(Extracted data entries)
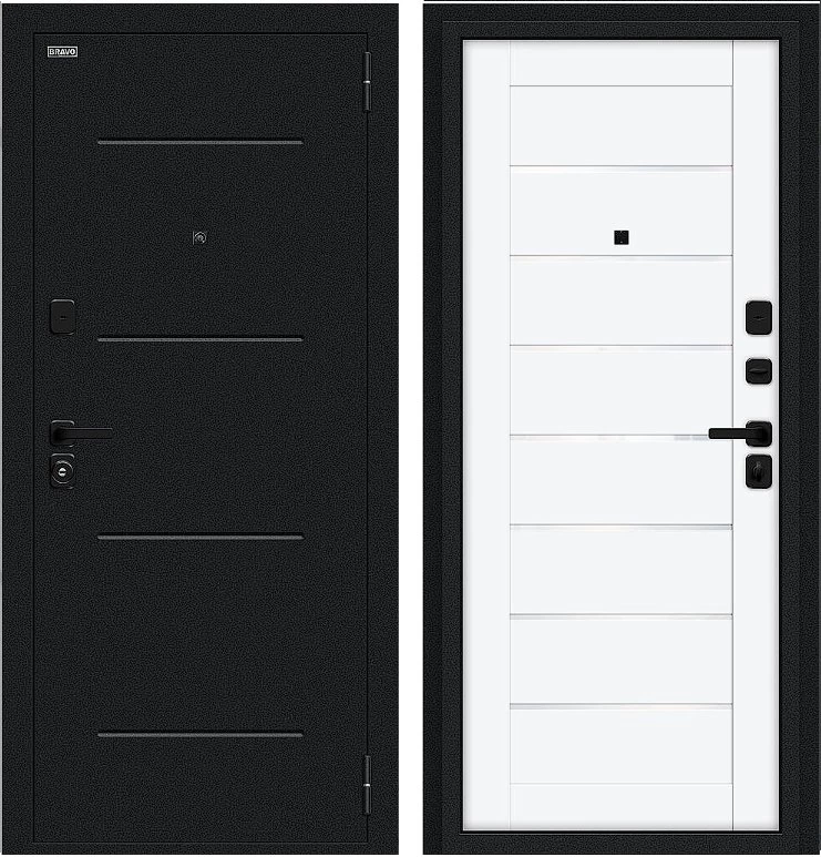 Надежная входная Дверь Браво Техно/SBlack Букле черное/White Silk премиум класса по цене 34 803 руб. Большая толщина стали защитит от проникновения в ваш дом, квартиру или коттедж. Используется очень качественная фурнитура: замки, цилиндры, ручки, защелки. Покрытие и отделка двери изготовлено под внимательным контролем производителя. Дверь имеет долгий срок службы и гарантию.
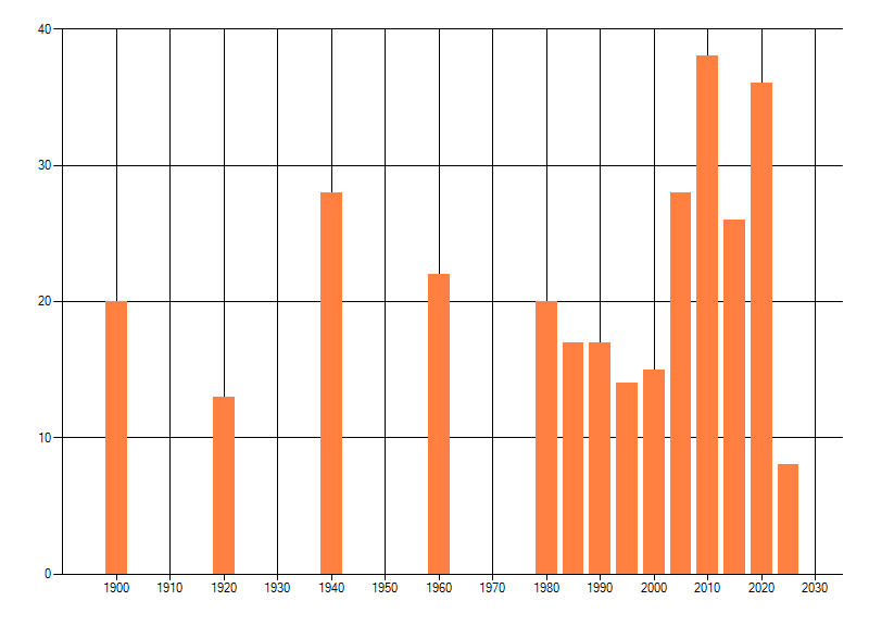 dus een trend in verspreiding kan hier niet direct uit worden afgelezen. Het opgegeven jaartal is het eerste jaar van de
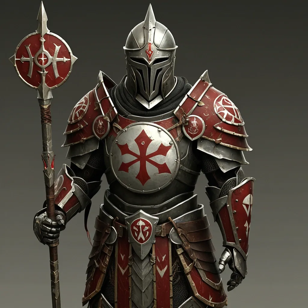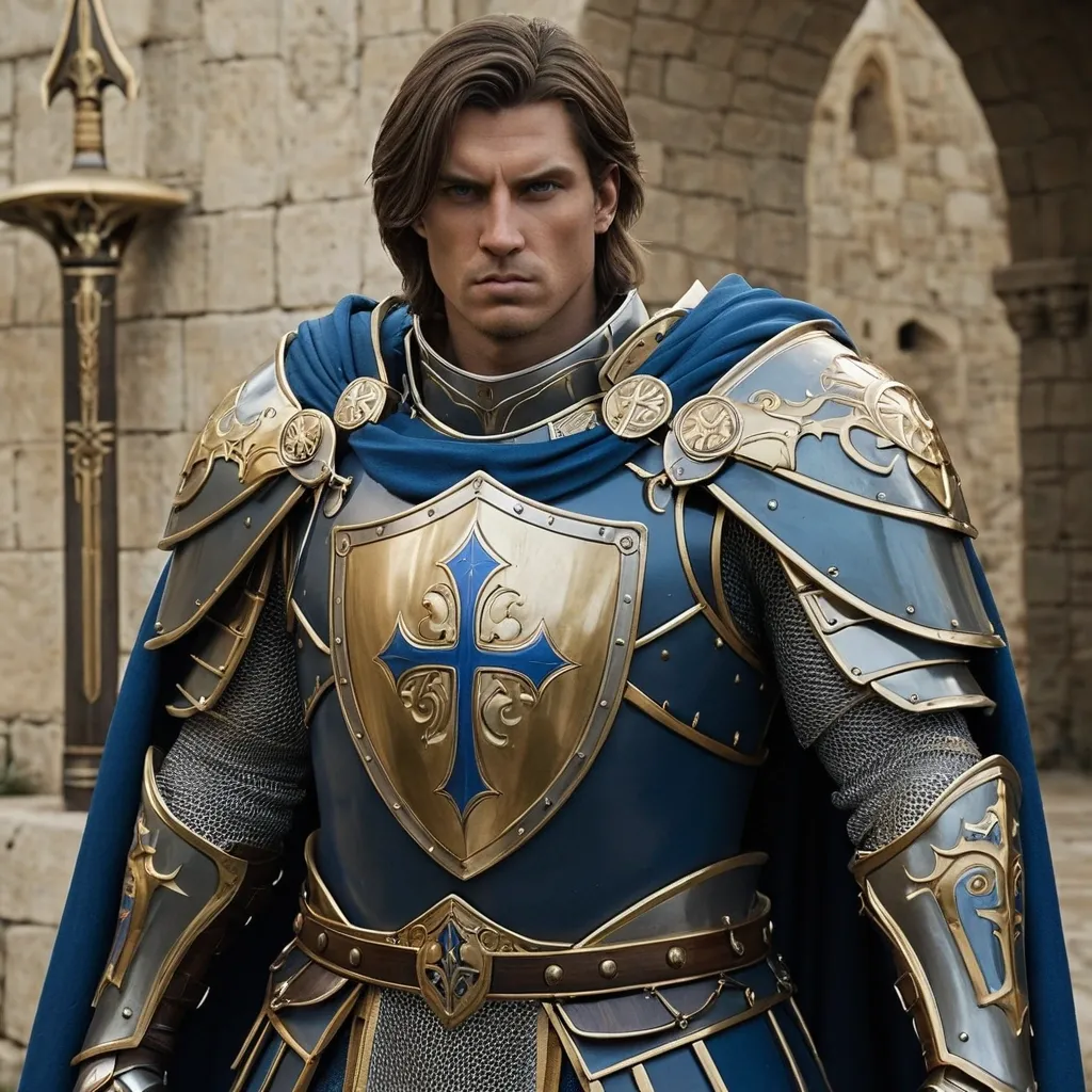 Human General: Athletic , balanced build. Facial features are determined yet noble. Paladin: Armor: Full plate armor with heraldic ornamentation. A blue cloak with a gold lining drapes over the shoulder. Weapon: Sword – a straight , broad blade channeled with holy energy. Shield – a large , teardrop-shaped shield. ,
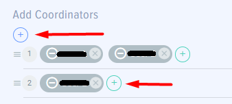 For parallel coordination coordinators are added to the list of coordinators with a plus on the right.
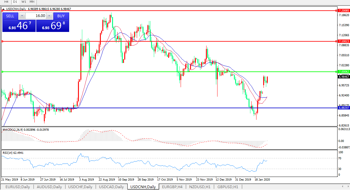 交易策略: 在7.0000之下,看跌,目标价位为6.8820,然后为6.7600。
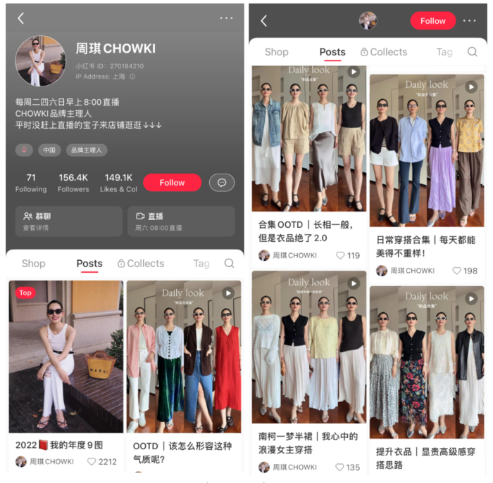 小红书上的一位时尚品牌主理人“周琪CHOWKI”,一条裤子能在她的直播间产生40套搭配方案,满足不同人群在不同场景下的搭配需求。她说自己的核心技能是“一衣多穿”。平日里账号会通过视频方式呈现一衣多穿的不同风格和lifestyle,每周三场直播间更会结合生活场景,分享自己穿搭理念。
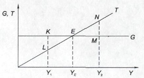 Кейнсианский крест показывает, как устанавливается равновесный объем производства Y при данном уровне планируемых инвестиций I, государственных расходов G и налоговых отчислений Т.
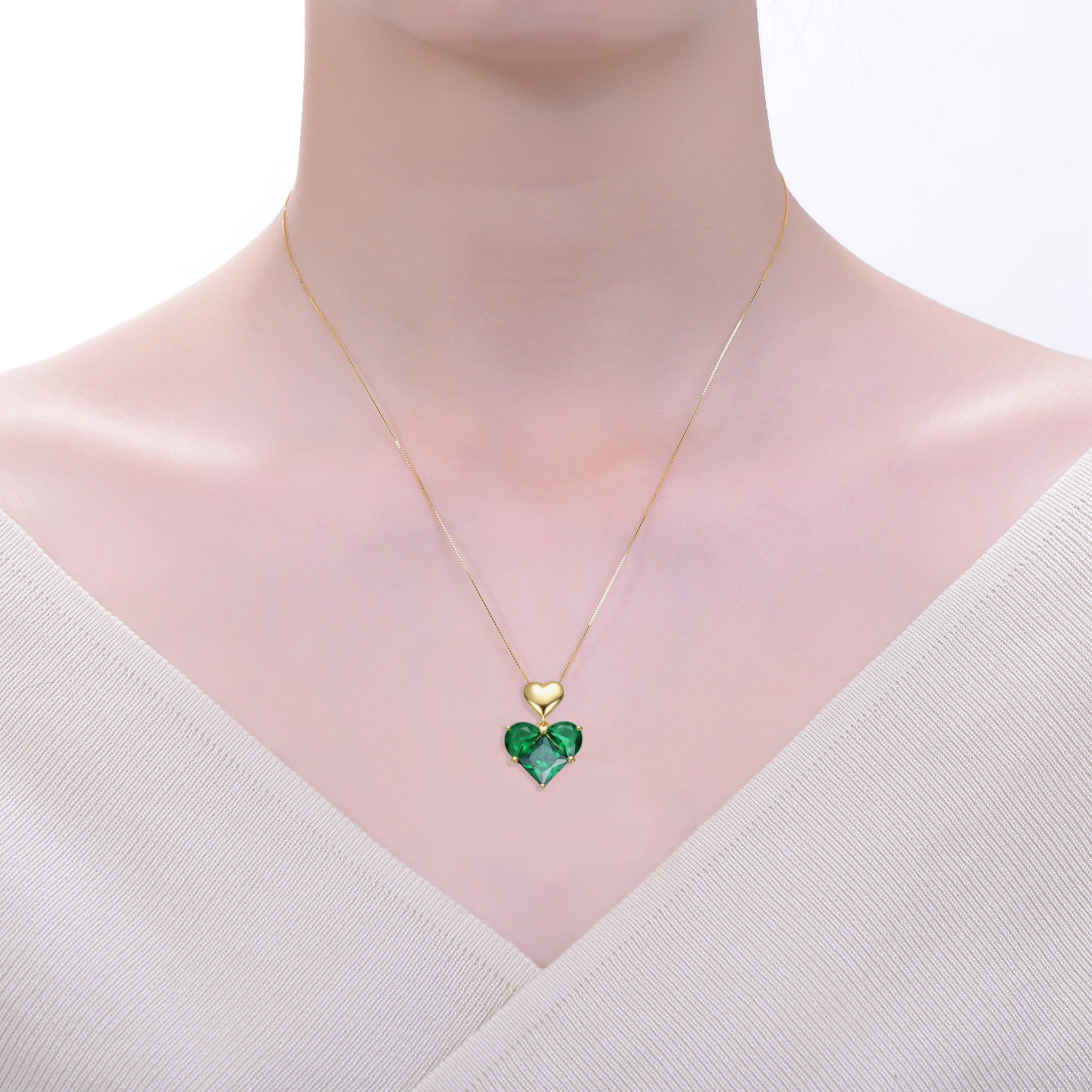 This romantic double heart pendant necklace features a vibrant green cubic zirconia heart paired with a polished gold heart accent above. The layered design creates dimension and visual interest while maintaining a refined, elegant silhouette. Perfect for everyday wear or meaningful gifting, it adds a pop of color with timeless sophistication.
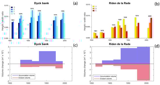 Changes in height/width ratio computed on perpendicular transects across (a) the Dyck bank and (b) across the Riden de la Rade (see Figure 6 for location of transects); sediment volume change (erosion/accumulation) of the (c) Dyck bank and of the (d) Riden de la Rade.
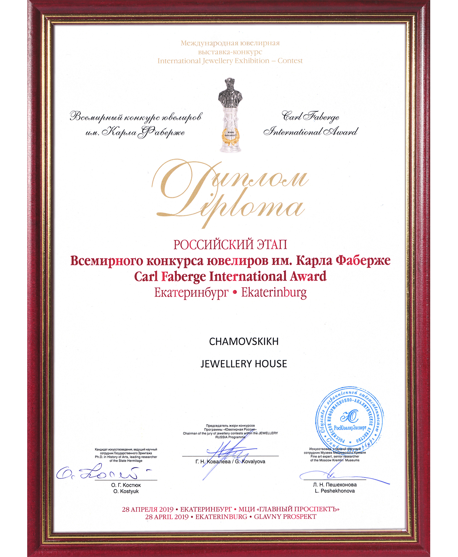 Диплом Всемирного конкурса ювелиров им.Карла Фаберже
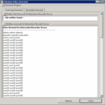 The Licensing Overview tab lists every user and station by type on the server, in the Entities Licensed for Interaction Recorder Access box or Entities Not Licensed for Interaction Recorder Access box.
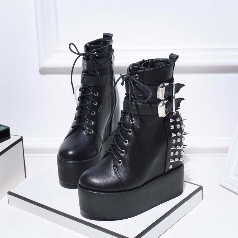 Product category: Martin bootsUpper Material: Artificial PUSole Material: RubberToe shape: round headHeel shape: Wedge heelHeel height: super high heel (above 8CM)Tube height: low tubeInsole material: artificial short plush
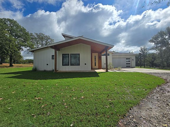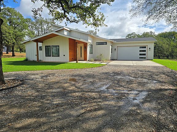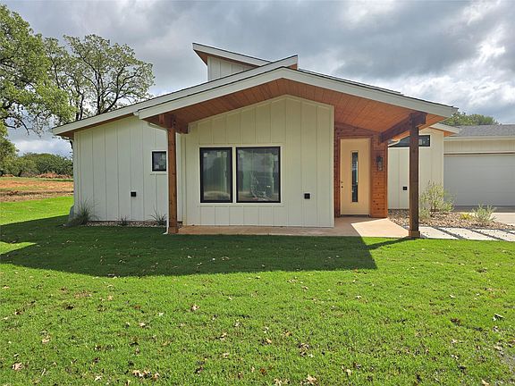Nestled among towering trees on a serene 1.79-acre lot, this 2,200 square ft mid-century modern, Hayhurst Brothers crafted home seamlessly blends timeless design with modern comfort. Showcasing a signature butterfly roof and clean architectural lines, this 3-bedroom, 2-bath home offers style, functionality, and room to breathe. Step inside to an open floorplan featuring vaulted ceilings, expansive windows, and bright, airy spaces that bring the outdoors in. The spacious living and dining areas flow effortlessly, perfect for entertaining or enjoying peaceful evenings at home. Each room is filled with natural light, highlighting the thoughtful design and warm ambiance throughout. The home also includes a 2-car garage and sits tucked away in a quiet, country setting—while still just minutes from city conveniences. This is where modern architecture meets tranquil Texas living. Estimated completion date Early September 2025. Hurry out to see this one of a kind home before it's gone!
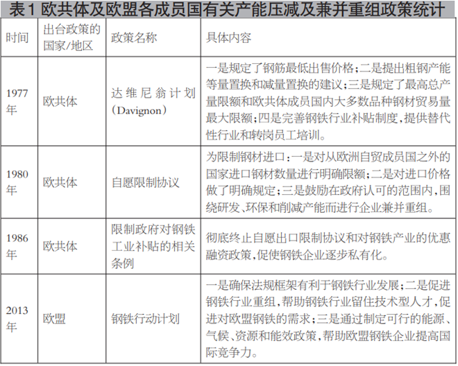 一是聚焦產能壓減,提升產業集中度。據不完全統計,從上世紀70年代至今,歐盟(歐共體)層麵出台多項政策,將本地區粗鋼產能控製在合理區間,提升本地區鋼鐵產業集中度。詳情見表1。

• **Problem requirements**:
Exclude the pictures and transcribe all of the entries exactly.

• **Written solution**:
 Надежная входная Дверь Браво Техно/SBlack Букле черное/White Silk премиум класса по цене 34 803 руб. Большая толщина стали защитит от проникновения в ваш дом, квартиру или коттедж. Используется очень качественная фурнитура: замки, цилиндры, ручки, защелки. Покрытие и отделка двери изготовлено под внимательным контролем производителя. Дверь имеет долгий срок службы и гарантию.
 dus een trend in verspreiding kan hier niet direct uit worden afgelezen. Het opgegeven jaartal is het eerste jaar van de
 Human General: Athletic , balanced build. Facial features are determined yet noble. Paladin: Armor: Full plate armor with heraldic ornamentation. A blue cloak with a gold lining drapes over the shoulder. Weapon: Sword – a straight , broad blade channeled with holy energy. Shield – a large , teardrop-shaped shield. ,
 For parallel coordination coordinators are added to the list of coordinators with a plus on the right.
 交易策略: 在7.0000之下,看跌,目标价位为6.8820,然后为6.7600。
 小红书上的一位时尚品牌主理人“周琪CHOWKI”,一条裤子能在她的直播间产生40套搭配方案,满足不同人群在不同场景下的搭配需求。她说自己的核心技能是“一衣多穿”。平日里账号会通过视频方式呈现一衣多穿的不同风格和lifestyle,每周三场直播间更会结合生活场景,分享自己穿搭理念。
 Кейнсианский крест показывает, как устанавливается равновесный объем производства Y при данном уровне планируемых инвестиций I, государственных расходов G и налоговых отчислений Т.
 This romantic double heart pendant necklace features a vibrant green cubic zirconia heart paired with a polished gold heart accent above. The layered design creates dimension and visual interest while maintaining a refined, elegant silhouette. Perfect for everyday wear or meaningful gifting, it adds a pop of color with timeless sophistication.
 Changes in height/width ratio computed on perpendicular transects across (a) the Dyck bank and (b) across the Riden de la Rade (see Figure 6 for location of transects); sediment volume change (erosion/accumulation) of the (c) Dyck bank and of the (d) Riden de la Rade.
 Диплом Всемирного конкурса ювелиров им.Карла Фаберже
 The Licensing Overview tab lists every user and station by type on the server, in the Entities Licensed for Interaction Recorder Access box or Entities Not Licensed for Interaction Recorder Access box.
 Product category: Martin bootsUpper Material: Artificial PUSole Material: RubberToe shape: round headHeel shape: Wedge heelHeel height: super high heel (above 8CM)Tube height: low tubeInsole material: artificial short plush
Nestled among towering trees on a serene 1.79-acre lot, this 2,200 square ft mid-century modern, Hayhurst Brothers crafted home seamlessly blends timeless design with modern comfort. Showcasing a signature butterfly roof and clean architectural lines, this 3-bedroom, 2-bath home offers style, functionality, and room to breathe. Step inside to an open floorplan featuring vaulted ceilings, expansive windows, and bright, airy spaces that bring the outdoors in. The spacious living and dining areas flow effortlessly, perfect for entertaining or enjoying peaceful evenings at home. Each room is filled with natural light, highlighting the thoughtful design and warm ambiance throughout. The home also includes a 2-car garage and sits tucked away in a quiet, country setting—while still just minutes from city conveniences. This is where modern architecture meets tranquil Texas living. Estimated completion date Early September 2025. Hurry out to see this one of a kind home before it's gone!
 一是聚焦產能壓減,提升產業集中度。據不完全統計,從上世紀70年代至今,歐盟(歐共體)層麵出台多項政策,將本地區粗鋼產能控製在合理區間,提升本地區鋼鐵產業集中度。詳情見表1。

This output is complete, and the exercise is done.